**Task requirements:** Restate word for word the entries below, starting at the line with "Modern Minimalist Long" and ending at the line with "こちらもワイヤーネットを使っ". Keep both end lines and omit the pictures.
>>>>
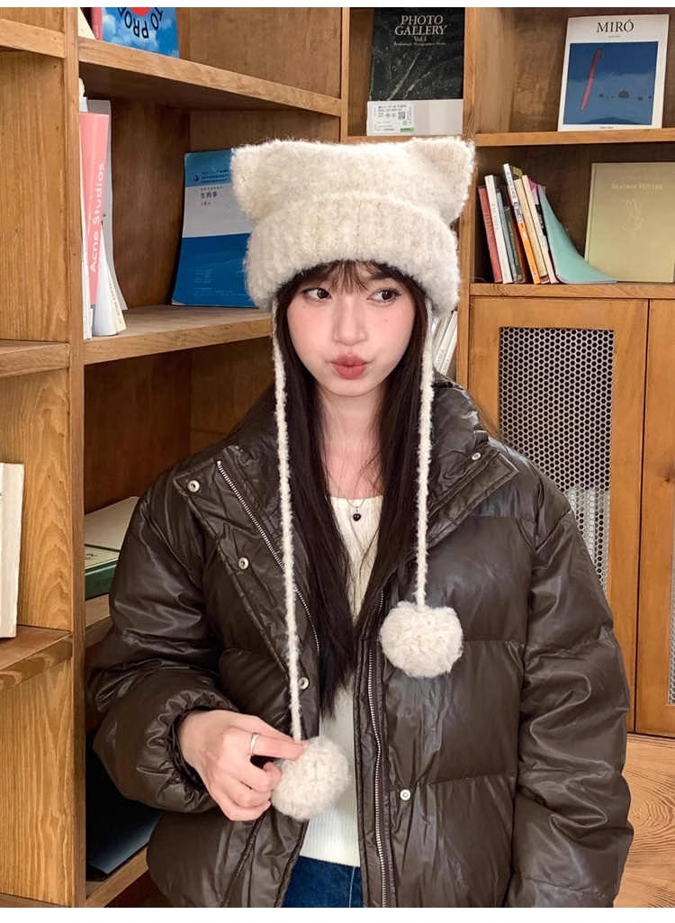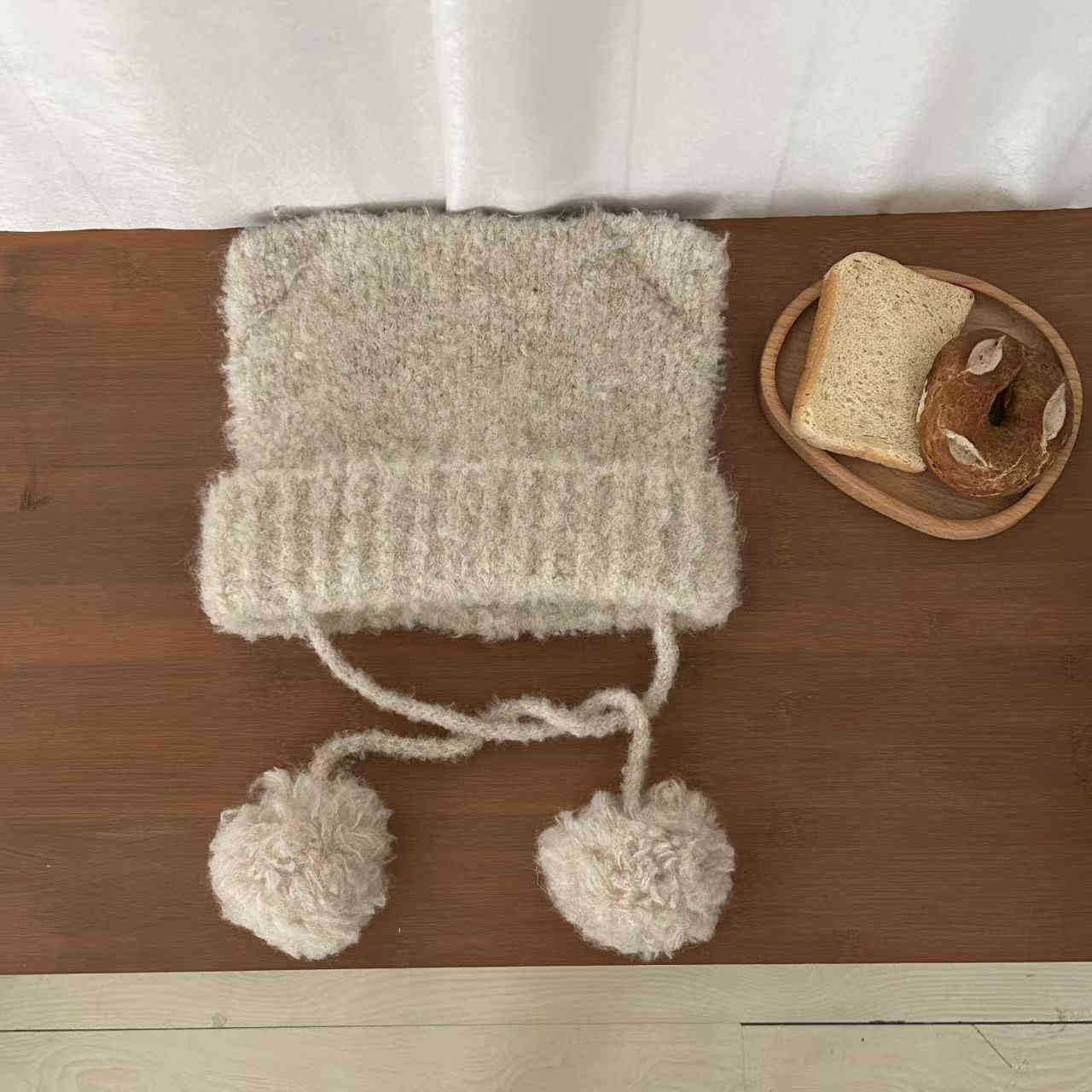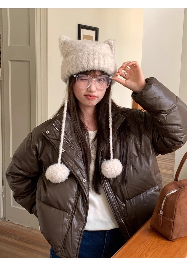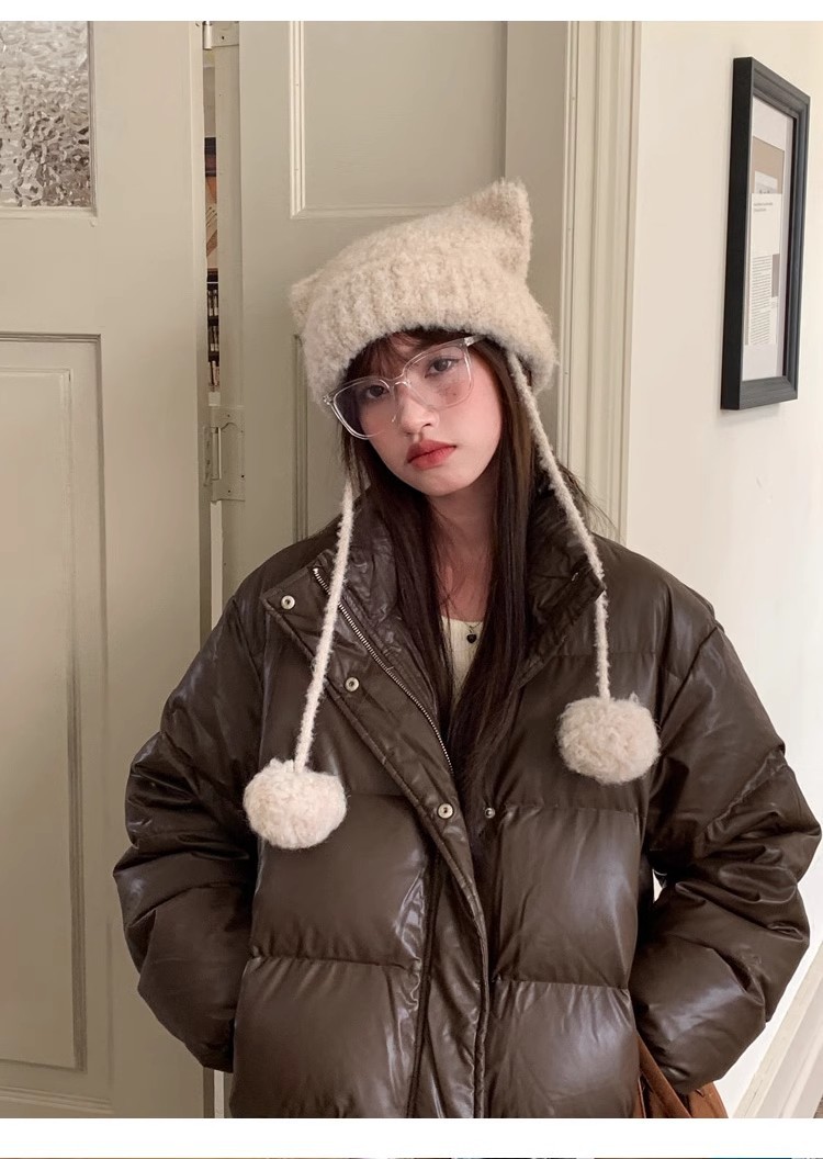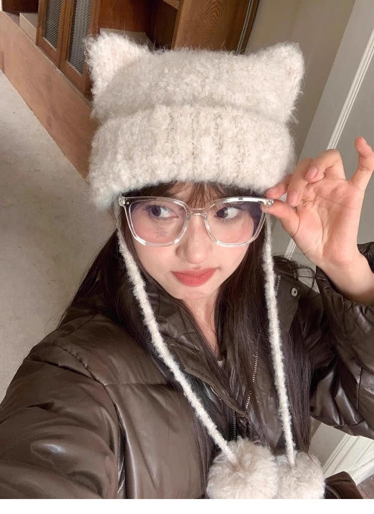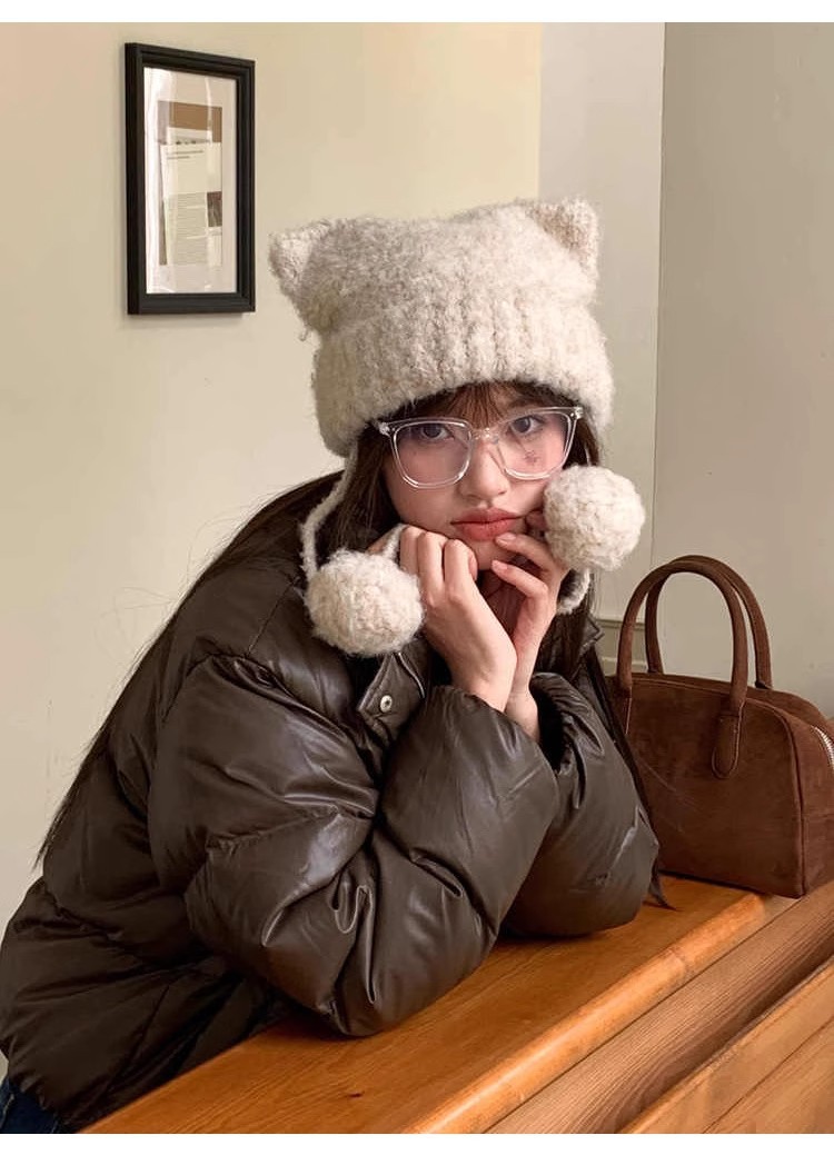 귀여운 모피 공 고양이 귀 모자 어린이 가을과 겨울 모피 귀 보호 모자 따뜻한 사이클링 방풍 니트 모자스토어 가기
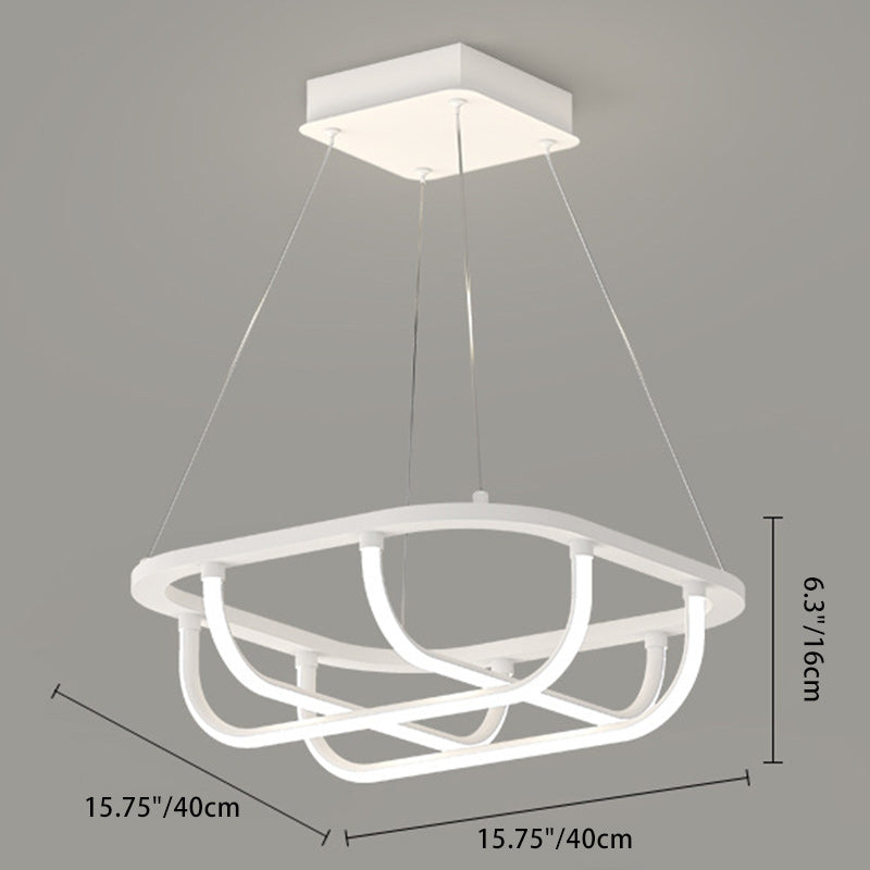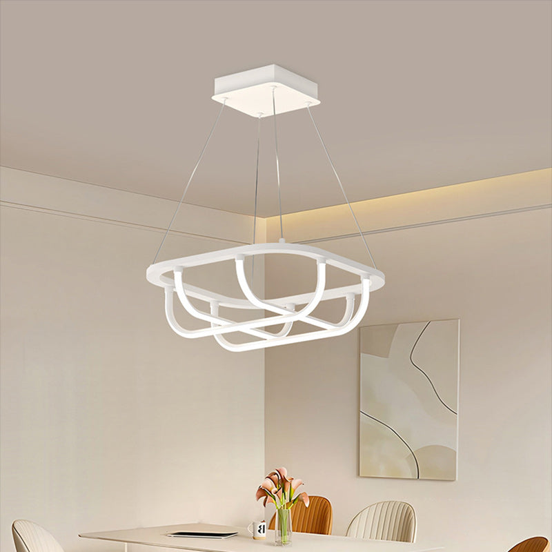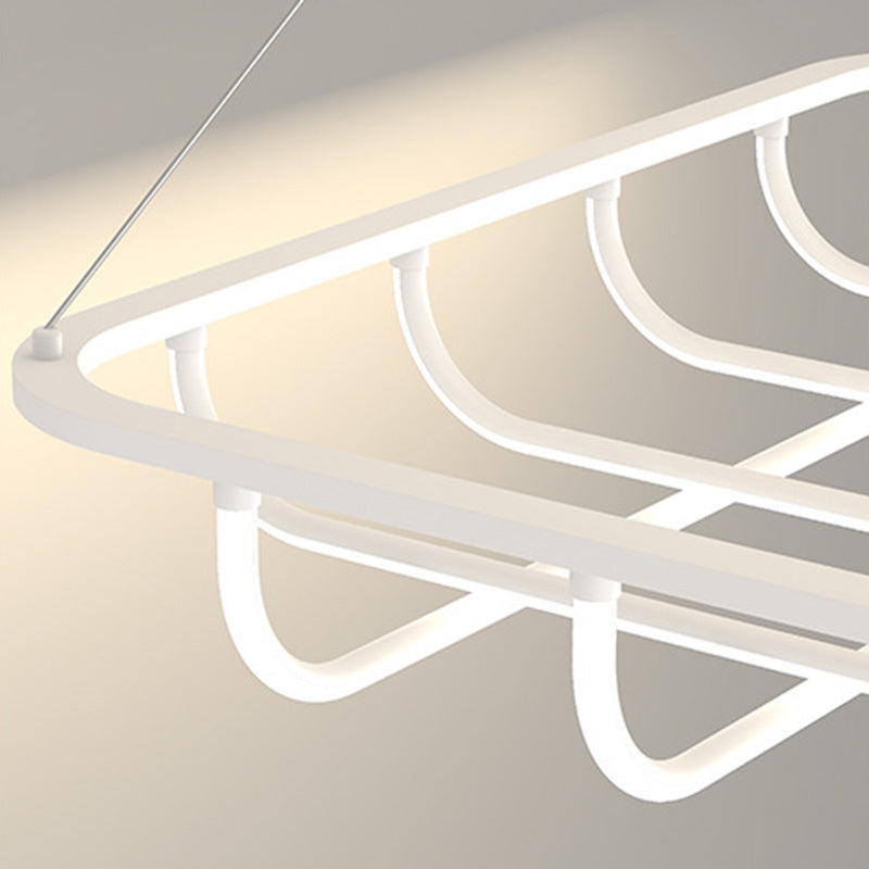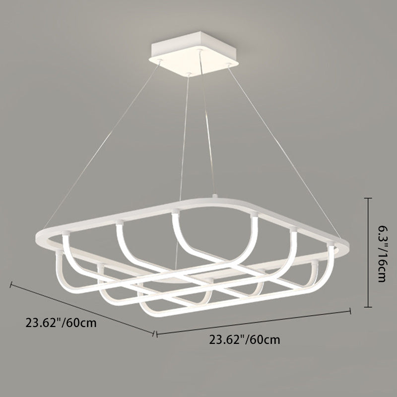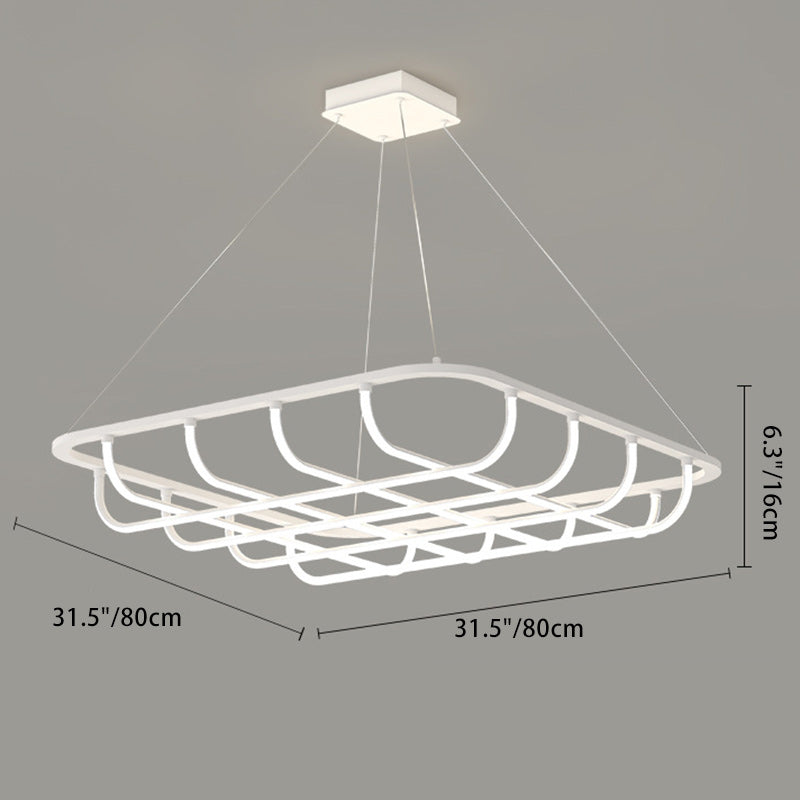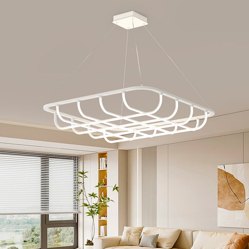 Modern Minimalist Long Line Square Basket Shape Iron Aluminum Silicone LED Chandelier For Living Room
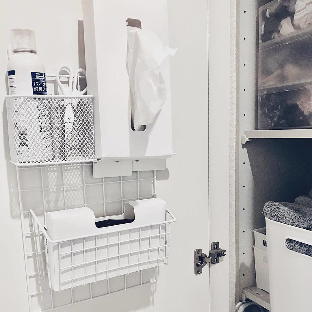 こちらもワイヤーネットを使った便利収納。ワイヤーラックをひっかければ扉裏のデッドスペースまで無駄なく利用できるんです。
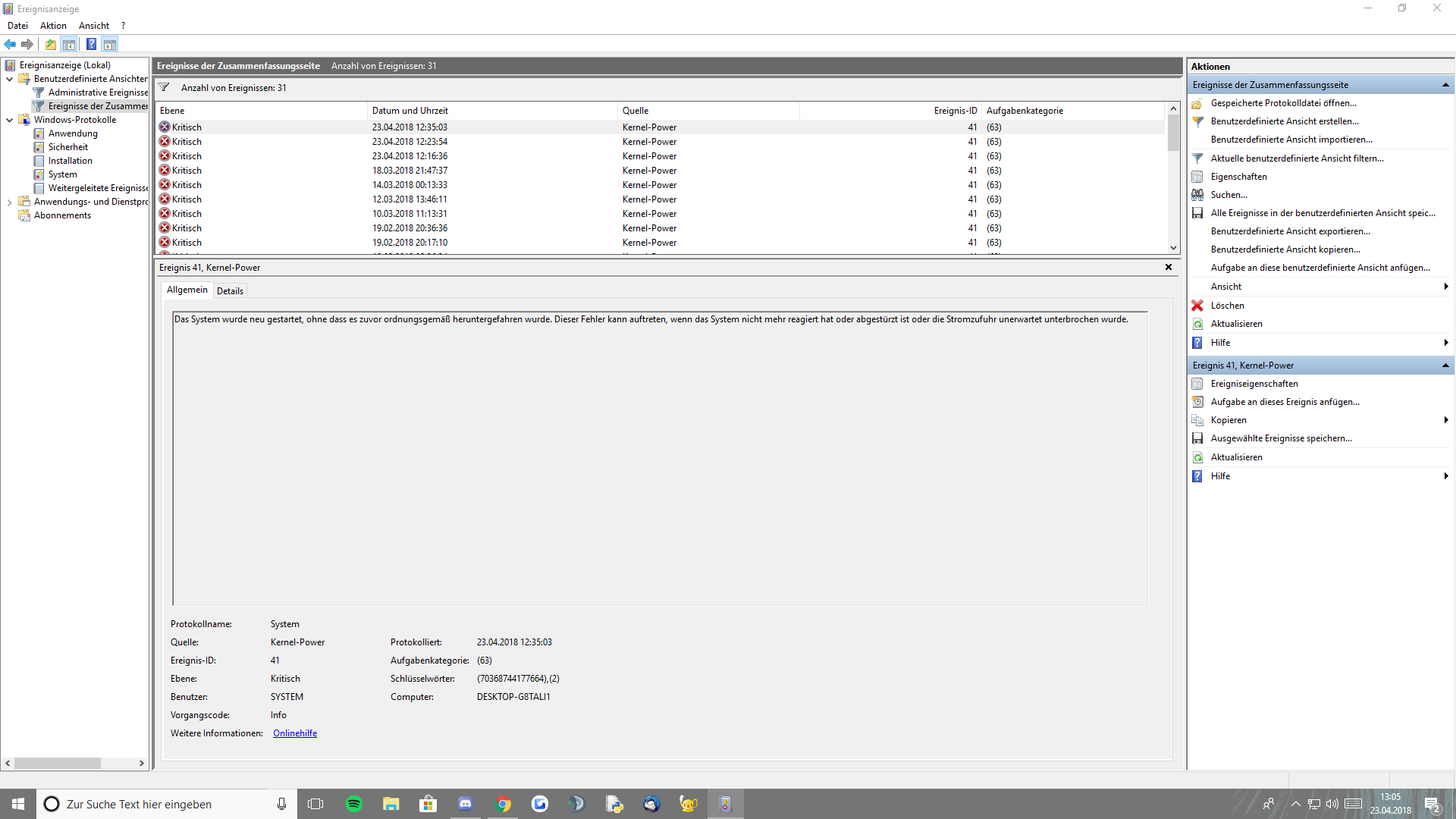 Genauer gesagt wird mein Bildschirm schwarz, der PC brummt laut vor sich hin und ich muss ihn manuell ausschalten. Heute hat er das alle 5-10 Minuten gemacht, bzw. sobald das Spiel wieder seit ein paar Minuten lief. Im Log wird unter Kritisch der Fehler System Kernel-Power 41 angezeigt. (
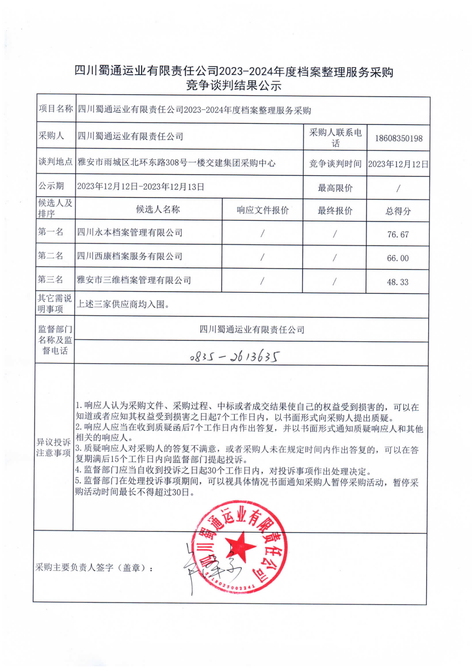 四川蜀通運(yùn)業(yè)有限責(zé)任公司2023-2024年度檔案整理服務(wù)采購競爭談判結(jié)果公示
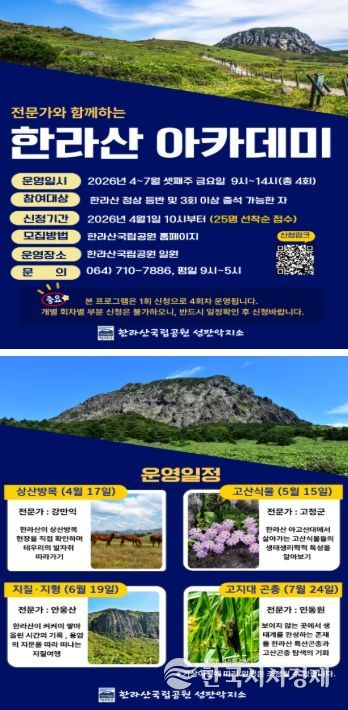상반기 프로그램은 오는 4월 1일 오전 10시부터 한라산국립공원 누리집(홈페이지) ‘프로그램 예약’에서 25명 선착순으로 접수한다. 참여 대상은 한라산 정상 등반이 가능한 체력을 갖추고, 전 과정을 성실히 참여할 수 있는 도민이면 누구나 가능하다.
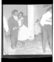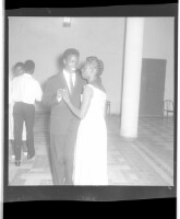 A man wearing a suit holding the hand of a woman wearing a dress, both standing in profile in a large room.
<<<<
**Result for this task:**
 Modern Minimalist Long Line Square Basket Shape Iron Aluminum Silicone LED Chandelier For Living Room
 こちらもワイヤーネットを使った便利収納。ワイヤーラックをひっかければ扉裏のデッドスペースまで無駄なく利用できるんです。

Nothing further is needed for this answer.